Sweet Salmon Salad Ingredients
  • Salmon steaks left over from leek & potato soup
  • Two medium apples, finely diced
  • One heart of celery, thin-sliced
  • 1 tbsp nutmeg
  • 1 tbsp cinnamon
  • mayonnaise to prefered texture
Instructions
  1. The salmon steaks, after pulled out of their bath of extra virgin olive oil, lemon basil, and white wine, were still delicious-smelling and ready to be used in another recipe, but somewhat unfortunately still full of bones. We washed our hands well and manually deboned the entire mass of salmon. A number of the bones were soft enough that simply amounted to extra calcium, but some were still firm and pokey, so this step was necessary.
  2. Mix apples, celery, nutmeg, cinnamon, and a half cup or so of mayonnaise in with the salmon. You will probably need more mayonnaise to acheive a lumpable salad, but mixing in a half cup at first is more manageable.

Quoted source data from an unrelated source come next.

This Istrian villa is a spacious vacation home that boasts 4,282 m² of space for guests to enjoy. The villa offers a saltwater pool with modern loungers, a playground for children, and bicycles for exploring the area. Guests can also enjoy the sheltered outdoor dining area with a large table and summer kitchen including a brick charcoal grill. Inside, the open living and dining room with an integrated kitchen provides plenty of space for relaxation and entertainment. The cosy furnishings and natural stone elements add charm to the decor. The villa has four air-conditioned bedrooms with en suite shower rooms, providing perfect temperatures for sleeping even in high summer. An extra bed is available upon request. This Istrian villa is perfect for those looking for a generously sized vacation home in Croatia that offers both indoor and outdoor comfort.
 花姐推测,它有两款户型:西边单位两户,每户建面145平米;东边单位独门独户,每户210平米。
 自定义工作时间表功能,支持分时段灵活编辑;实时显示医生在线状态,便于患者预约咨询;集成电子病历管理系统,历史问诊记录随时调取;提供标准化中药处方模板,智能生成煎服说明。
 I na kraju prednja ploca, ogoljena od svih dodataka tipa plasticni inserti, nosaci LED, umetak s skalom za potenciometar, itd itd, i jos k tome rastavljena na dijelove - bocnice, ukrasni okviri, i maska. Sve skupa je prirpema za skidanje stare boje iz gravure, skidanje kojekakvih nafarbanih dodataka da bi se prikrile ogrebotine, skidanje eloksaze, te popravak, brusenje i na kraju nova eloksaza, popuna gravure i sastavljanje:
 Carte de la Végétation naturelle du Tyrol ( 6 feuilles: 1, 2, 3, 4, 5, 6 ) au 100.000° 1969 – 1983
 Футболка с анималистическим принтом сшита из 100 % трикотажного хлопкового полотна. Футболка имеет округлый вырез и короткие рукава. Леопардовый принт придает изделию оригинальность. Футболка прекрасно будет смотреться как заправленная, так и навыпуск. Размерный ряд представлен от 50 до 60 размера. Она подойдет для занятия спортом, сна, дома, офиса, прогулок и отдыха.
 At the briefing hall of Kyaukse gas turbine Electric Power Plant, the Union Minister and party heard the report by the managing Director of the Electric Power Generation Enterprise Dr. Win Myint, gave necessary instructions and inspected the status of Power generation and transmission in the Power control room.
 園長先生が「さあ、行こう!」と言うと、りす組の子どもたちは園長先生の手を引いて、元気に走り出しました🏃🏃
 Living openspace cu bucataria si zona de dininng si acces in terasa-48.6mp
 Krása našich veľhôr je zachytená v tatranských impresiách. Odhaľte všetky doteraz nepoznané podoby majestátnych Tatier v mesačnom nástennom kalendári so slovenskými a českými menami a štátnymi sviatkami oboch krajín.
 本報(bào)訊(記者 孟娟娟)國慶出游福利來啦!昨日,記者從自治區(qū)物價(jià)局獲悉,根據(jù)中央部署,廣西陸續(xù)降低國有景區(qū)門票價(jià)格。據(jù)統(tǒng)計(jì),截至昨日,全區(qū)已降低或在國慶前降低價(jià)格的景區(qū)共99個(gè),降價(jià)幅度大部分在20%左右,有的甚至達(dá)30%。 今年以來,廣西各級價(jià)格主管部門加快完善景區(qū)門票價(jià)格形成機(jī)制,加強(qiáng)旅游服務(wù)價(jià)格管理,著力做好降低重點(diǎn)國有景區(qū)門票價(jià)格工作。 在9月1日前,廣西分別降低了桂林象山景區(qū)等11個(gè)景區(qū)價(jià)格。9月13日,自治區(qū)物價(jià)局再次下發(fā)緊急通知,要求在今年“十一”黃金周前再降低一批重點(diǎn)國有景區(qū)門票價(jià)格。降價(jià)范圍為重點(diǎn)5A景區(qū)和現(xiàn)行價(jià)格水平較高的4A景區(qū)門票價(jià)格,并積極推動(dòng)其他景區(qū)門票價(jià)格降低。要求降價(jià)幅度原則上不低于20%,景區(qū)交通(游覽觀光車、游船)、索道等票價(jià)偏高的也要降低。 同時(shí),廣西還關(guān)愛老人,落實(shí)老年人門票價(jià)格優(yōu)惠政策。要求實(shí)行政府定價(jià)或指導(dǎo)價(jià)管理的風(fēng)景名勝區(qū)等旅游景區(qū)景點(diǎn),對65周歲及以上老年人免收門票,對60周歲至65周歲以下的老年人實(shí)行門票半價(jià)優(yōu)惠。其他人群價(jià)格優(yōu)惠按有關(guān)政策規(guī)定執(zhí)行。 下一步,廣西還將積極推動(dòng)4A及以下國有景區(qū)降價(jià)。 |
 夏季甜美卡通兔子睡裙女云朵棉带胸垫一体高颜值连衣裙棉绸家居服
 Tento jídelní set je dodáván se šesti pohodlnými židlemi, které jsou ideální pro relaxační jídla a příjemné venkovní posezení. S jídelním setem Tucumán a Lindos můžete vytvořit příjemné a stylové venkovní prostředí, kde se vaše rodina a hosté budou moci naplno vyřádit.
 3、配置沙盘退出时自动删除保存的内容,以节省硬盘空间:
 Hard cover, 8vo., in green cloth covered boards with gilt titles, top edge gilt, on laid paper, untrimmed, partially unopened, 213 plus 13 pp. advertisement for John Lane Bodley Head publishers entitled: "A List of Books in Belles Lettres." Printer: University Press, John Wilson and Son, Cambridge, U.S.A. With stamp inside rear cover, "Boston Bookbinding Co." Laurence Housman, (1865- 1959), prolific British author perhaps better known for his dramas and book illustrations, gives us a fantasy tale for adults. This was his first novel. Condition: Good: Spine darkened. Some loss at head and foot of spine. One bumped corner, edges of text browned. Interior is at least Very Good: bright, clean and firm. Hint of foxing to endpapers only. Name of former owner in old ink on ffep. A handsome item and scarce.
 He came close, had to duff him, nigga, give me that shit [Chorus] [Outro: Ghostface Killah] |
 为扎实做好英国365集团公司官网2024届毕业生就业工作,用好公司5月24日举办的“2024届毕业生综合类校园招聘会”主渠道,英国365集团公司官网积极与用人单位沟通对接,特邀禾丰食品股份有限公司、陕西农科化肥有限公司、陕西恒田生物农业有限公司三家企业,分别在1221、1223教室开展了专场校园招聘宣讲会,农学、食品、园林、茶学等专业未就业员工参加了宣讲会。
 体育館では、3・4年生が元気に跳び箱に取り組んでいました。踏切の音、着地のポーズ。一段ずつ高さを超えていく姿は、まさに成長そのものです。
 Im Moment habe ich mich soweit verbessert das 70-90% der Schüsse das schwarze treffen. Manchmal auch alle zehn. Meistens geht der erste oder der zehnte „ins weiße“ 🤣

  3. Serve, either on bread or on crackers. We had ours on Olive Oil & Black Pepper Triscuits, which was optimal - the sweet flavors from the apples and celery played very, very nicely with the savory flavors from the cracker. The salmon flavor was present and well-represented without being overpowering.
Having shared both dishes with self-proclaimed foodies, I can confidently say they were good and it's not just me liking my own cooking. Recipes approved for general release. P.S. Go Sox!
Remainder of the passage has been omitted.